Я видел человеческие слезы — и как плакала мать и как плакали братья, я помню эти слезы, и слезы входили, как часть в тот величественный мир, с которого начинается моя память, но я не помню, когда бы я сам плакал, а, должно быть, никогда, и если мне бывало больно, я кричал. Сергей Семеныч Кивокурцев, лечивший всех детей от Лялина переулка до Полуярославского, называл меня «орало мученик».

Азбуке и складывать слова я незаметно для себя «шутём» научился от моих старших братьев, и у меня осталось чувство, что не было такого времени, когда бы я не умел читать. Но писать я еще не умел.
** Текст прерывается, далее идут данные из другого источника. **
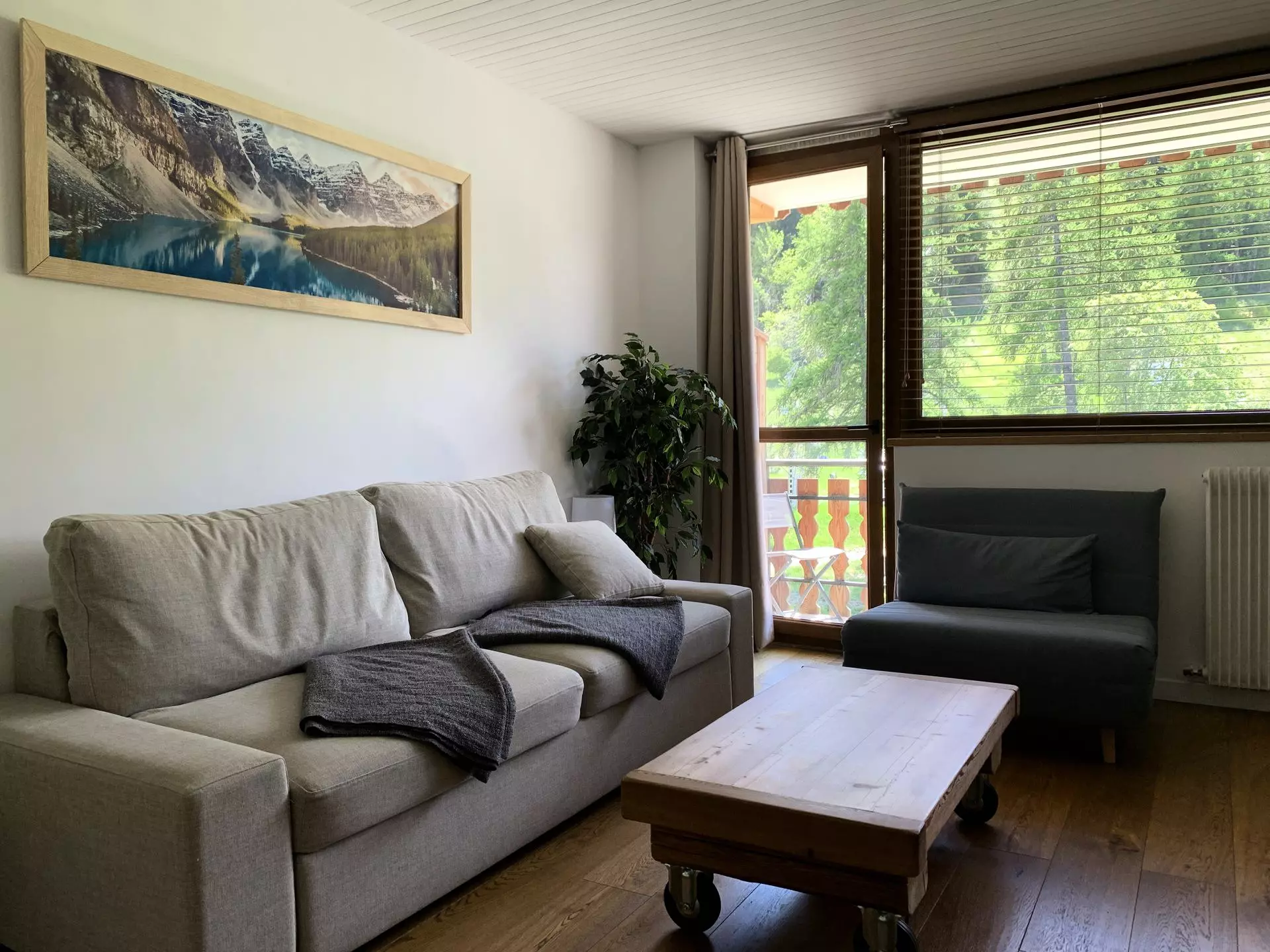 * Living room: 1 convertible rapido type 160, flat screen TV, balcony access, spacious;

В пять лет я стал ходить учиться вместе с моим братом, старшим меня на год, к дьякону Покровской церкви на Воронцовом поле, которая называлась Грузинской по чудотворной иконе Грузинской Божьей Матери. Церковь эта снесена, и едва ли есть в Москве хоть один, кто бы вспомнил о ней, но я ее сохраняю в моей памяти. С тех пор, как дьякон начал учить меня писать, я вижу себя в этой церкви на клиросе: старик дьячок с косичкой, Николай Петрович Невоструев, пел по «крюкам», и я за ним тянул альтом; потом я узнал, что это унисонное пение называется знаменным распевом, на котором пели в Москве и во времена Андрея Рублева, и при дьяконе Иване Федорове, и который отменен был царем Федором Алексеевичем, сжегшим в Пустозерске протопопа Аввакума, — лучшей школы для моего слуха трудно было и придумать; впоследствии это дало мне возможность чутко определять всю фальшь и как раз в том, что именовало себя «русским стилем» с его непременным признаком — «слащавостью», «размягченностью» или умилением и ритмически-ассонирующей «красивостью», пример: «В лесах» Печерского.
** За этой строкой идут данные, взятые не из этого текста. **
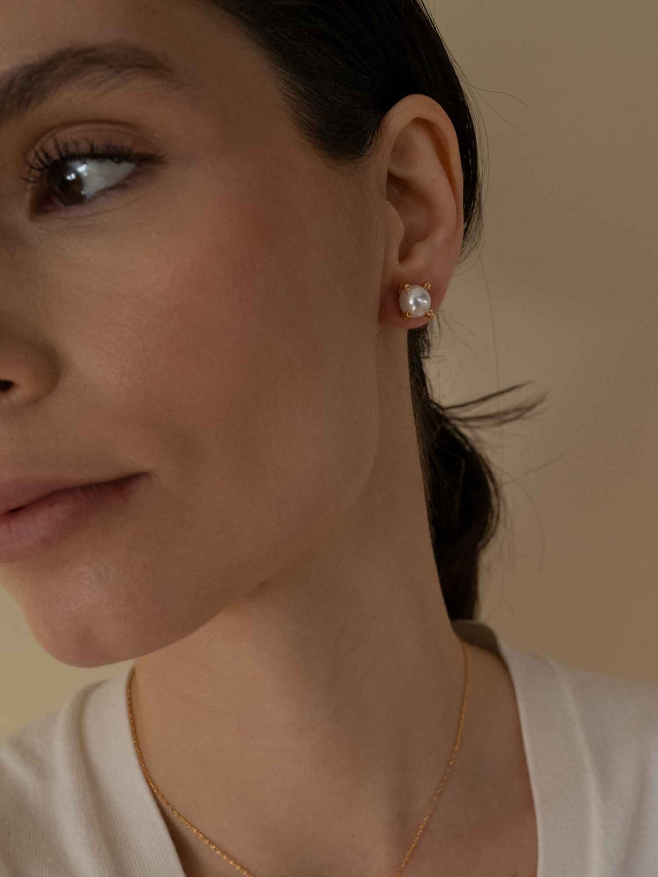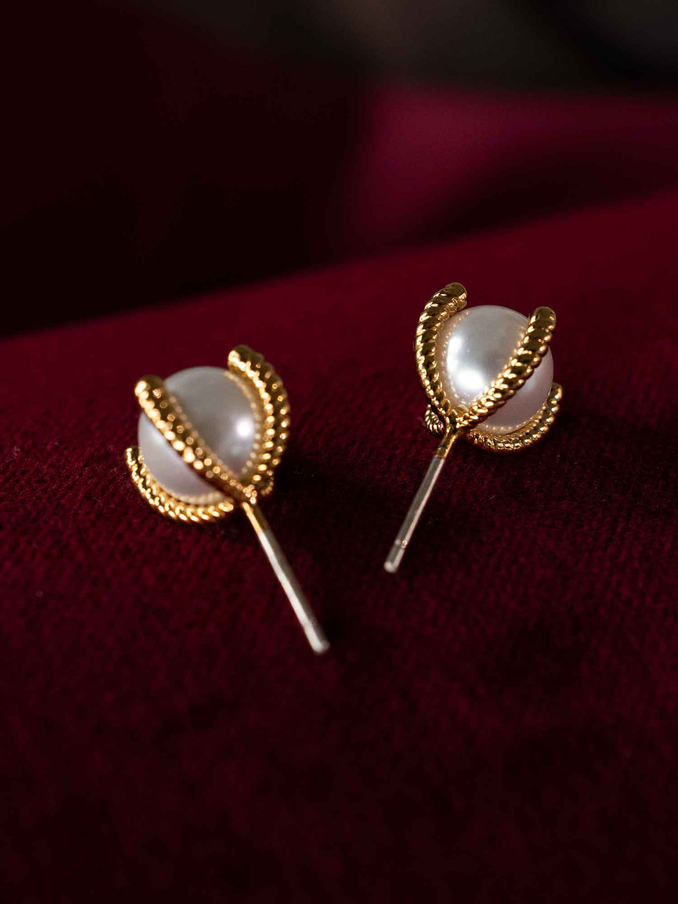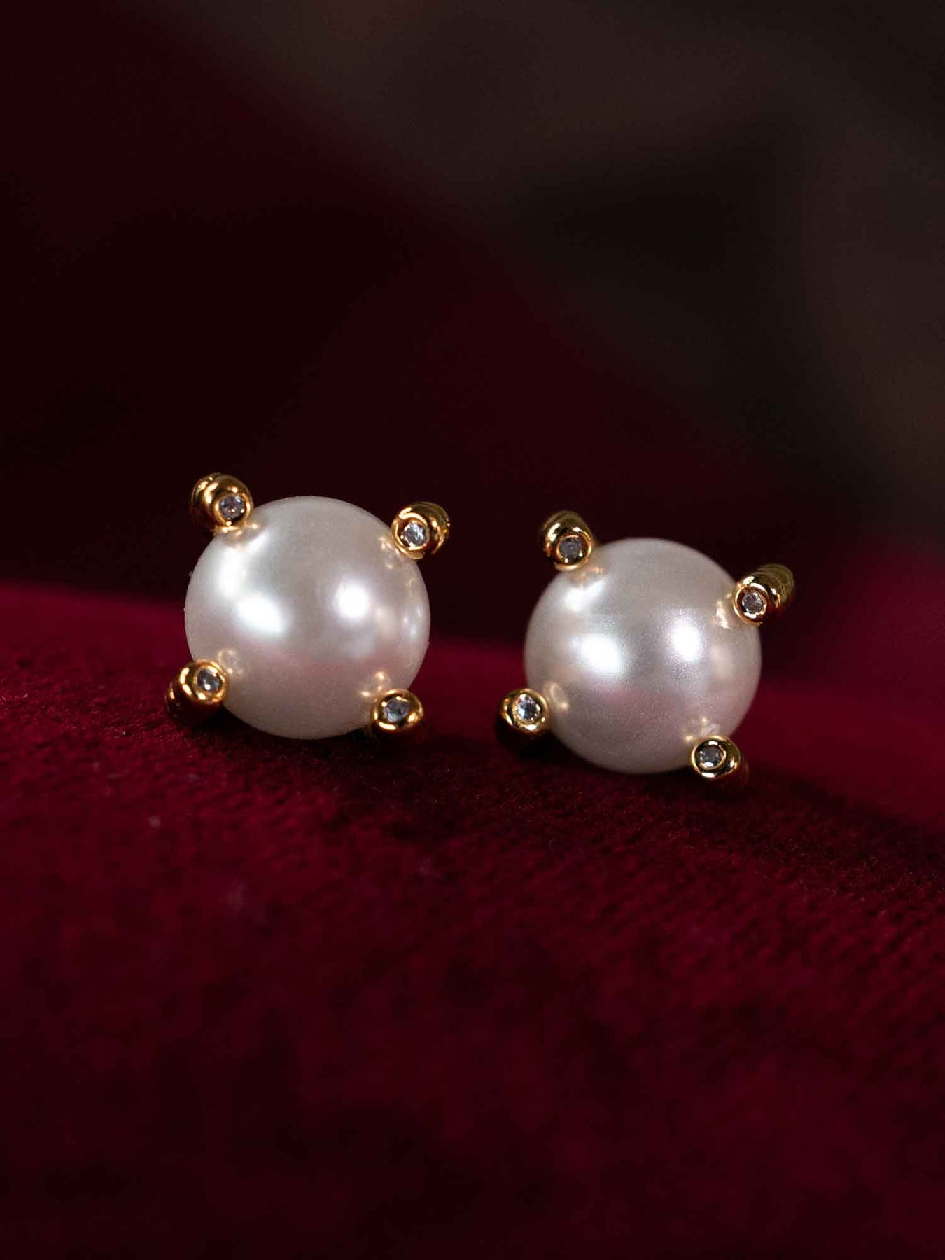 These stud earrings feature a smooth pearl set in a gold base—one style with four delicate prongs, each tipped with a tiny zircon for subtle sparkle, the other with a braided rope edge for added texture. Both designs keep the pearl as the focal point while the gold adds understated contrast and structure.

Дьякон Василий Егорыч Кудрявцев славился от Воронцова поля до Старой Басманной, как просвещенный педагог и законоучитель, — память о моем учителе я сохраняю через всю мою жизнь: это был кротчайший человек, и только одно мне было странно, что как в церкви, так и дома, он был совсем одинаков, и я никогда не видел, да и улыбался ли он вообще? Дьяконица Екатерина Александровна из курсисток, педагогичка тоже очень тихая и всегда озабоченная: дочь у них Женя, моих лет, больная девочка, все лежала — туберкулез, должно быть.

Писать я выучился легко и писал с удовольствием, и особенно меня прельщало писать «поминанья», а скоро я одолел и эту церковно-славянскую премудрость нашего древнего «полуустава». Но что мне не давалось: это — диктовка. Я делал всегда одни и те же ошибки: я всегда писал «ют» вместо «ят», и «ишь» вместо «ешь», и «ин» вместо «ен». Дьякон очень огорчался, а мне было неловко, но он никогда не упрекал меня, как потом в гимназии, за мое постоянство в ошибках и неисправимость. Иван Иванович Виноградов даст мне прозвище, которое и несу до сего дня, — «пустая голова». Мой брат сеял между словами частицу «же» — явление нормальное в дамских произведениях и противоестественное в диктанте будущего гимназиста. И выходили иногда такие сочетания — не было сил удержаться от смеха, но дьякон со всей кротостью и терпеливо, без всякого намека на улыбку, вычеркивал эти смехотворные «же», как переправлял огорчавшие его мои постоянные «ют», «ишь» и «ин», мое «фонетическое правописание».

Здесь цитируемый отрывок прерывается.